Alcor v0.19 Release Plan - futurewei-cloud/alcor-int GitHub Wiki
Open-Source Plan for v0.19 Release
Tentative date: 09/30/2021
Release: Alcor v0.19
Release link: TBD
Alcor Performance & Scalability
- OpenStack Cross-Service Request-Level Profiling
- Environment Setup
- Set up OpenStack cluster with kolla-ansible, and enable OSProfiler and Rally
- Set up Alcor Controller service with K8s
- Set up ElasticSearch search and analytics cluster in Alcor's k8s deployment
- Set up SIG storage local cluster
- Upgrade Rally version in Medina perf test cluster
- Upgrade OSProfiler version in Medina perf test cluster (Nova, KeyStone, Cinder, Glance)

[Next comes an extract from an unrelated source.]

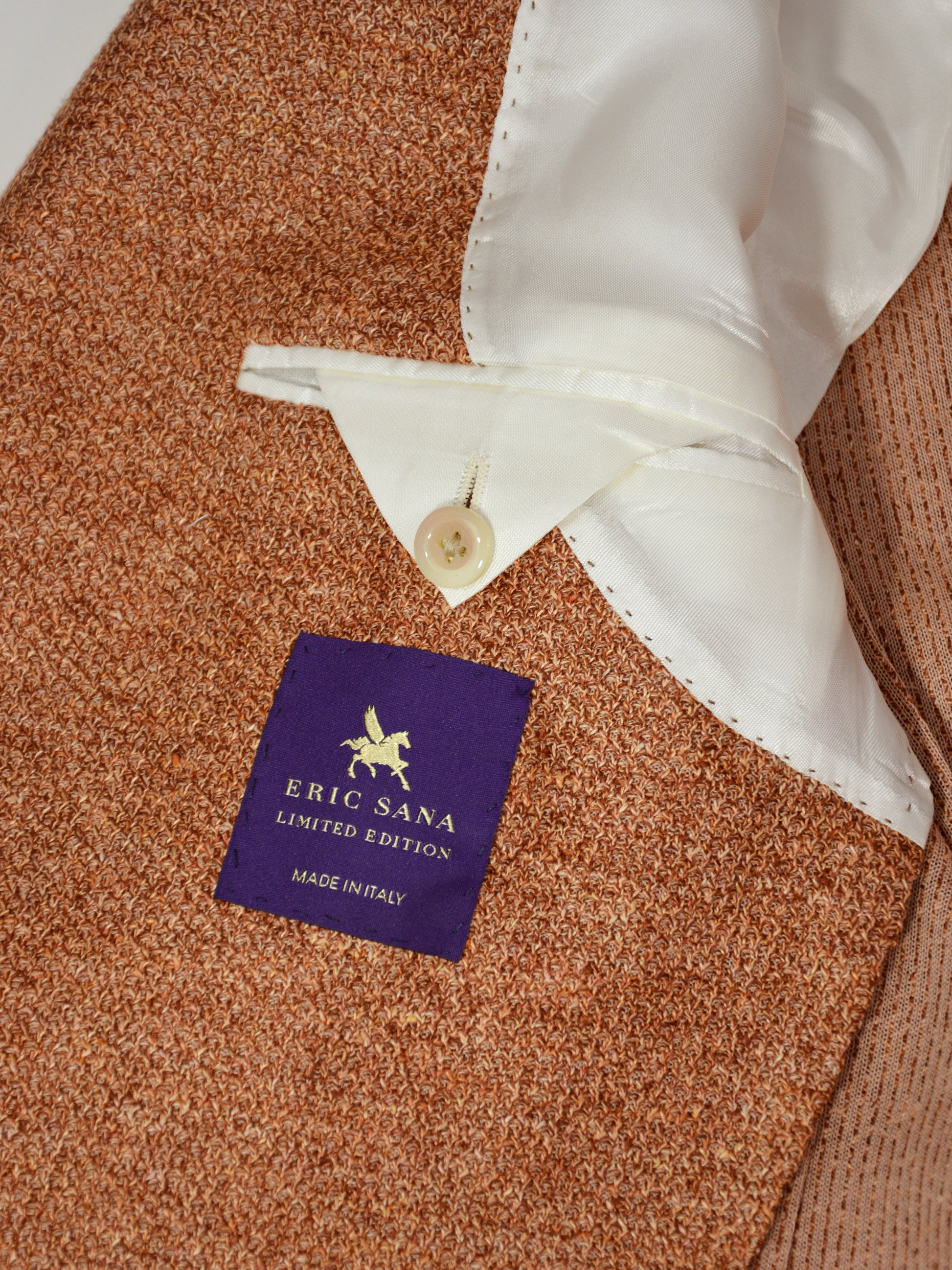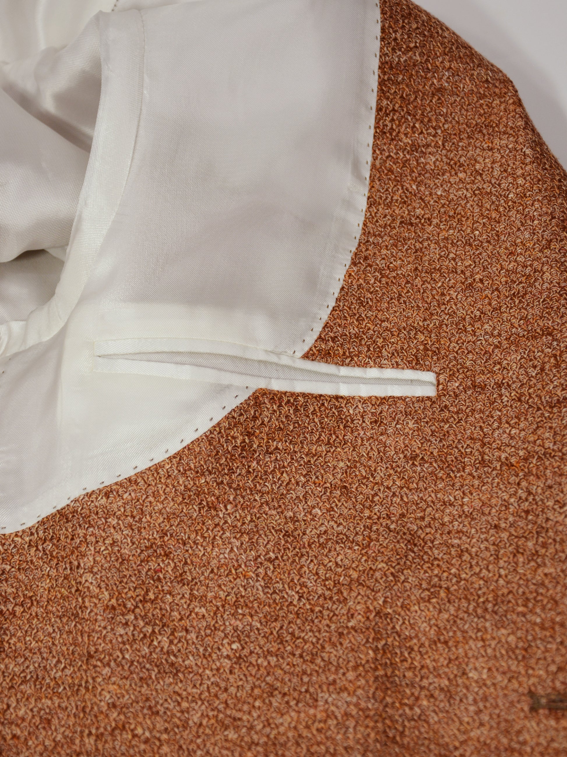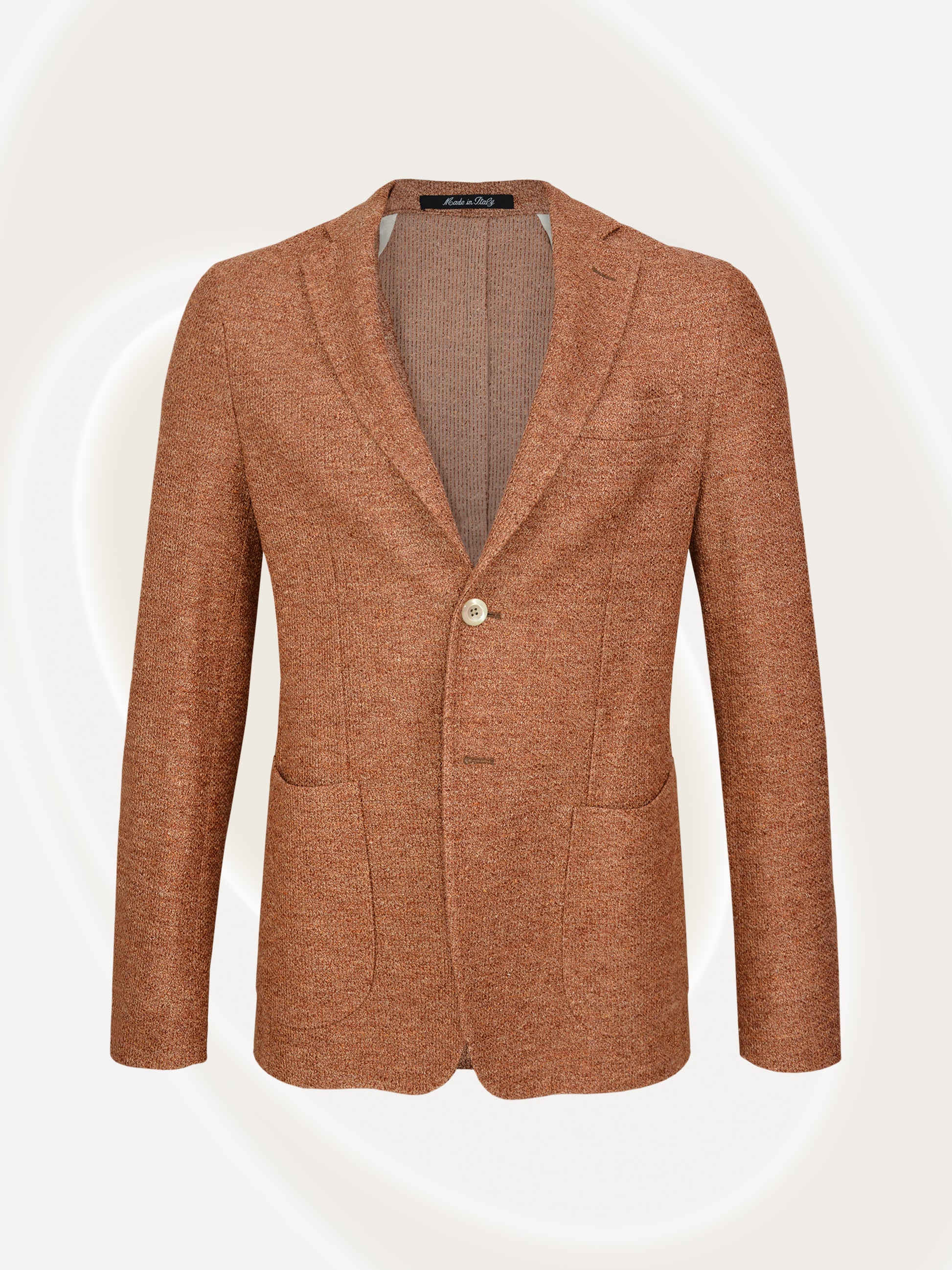 Discover the Giacca Clementi, an Italian-made masterpiece that redefines classic tailoring. This distinguished two-button blazer showcases a graceful notch lapel and luxurious bronze tweed that commands attention in any setting. The thoughtfully engineered fabric blend linen and cotton—delivers exceptional breathability and natural drape, keeping you comfortable whether you're navigating a full day at the office or attending evening events.

- Install Jaeger in Medina perf test cluster
- Use Jaeger's openstracing features in Alcor
- Service level tracing support
- Function level tracing support
- Pass trace from PM to DPM
- Tool and script development
- Containerized ACA to replace Neutron-OpenvSwitch-agent container in kolla-ansible
- Enable OSProfiler for Nova neutron client
- OSProfiler to Jaeger trace convertor (moved to 12/30)
- Environment Setup
- Run Alcor performance test via Rally
- v0.17 perf test plan
- Routing rule update new scenario E2E
- Write new Rally plugin and test configuration for routing rule update
- Customize Python Neutron client to support update/delete subnet route table
- Run new Rally test create-and-list-routers for L3 testing
- Consolidate Rally test script to run all test at once
- Fix existing Rally test cases and Alcor bugs
- Router-related resource cleanup issue
- Issue 646: Add a flag to getOrCreateVpcRouter to allow customize router creation
- Separate Neutron and VPC router scenarios for getSubnetRouteTable
- Issue 648: Allow to delete subnet w/o a gateway port
- Issue 654: Separate RM getOrCreateSubnetRouteTable into two APIs and consolidate POST with createNeutronSubnetRouteTable
- Issue 656: Routing entry concurrent insertion can't be handled by RM (fixed in PR 658)
- PR 661: Fix gateway port duplicated creation issue
- Issue 662: Fix race condition in subnet deletion API (fixed in PR 663)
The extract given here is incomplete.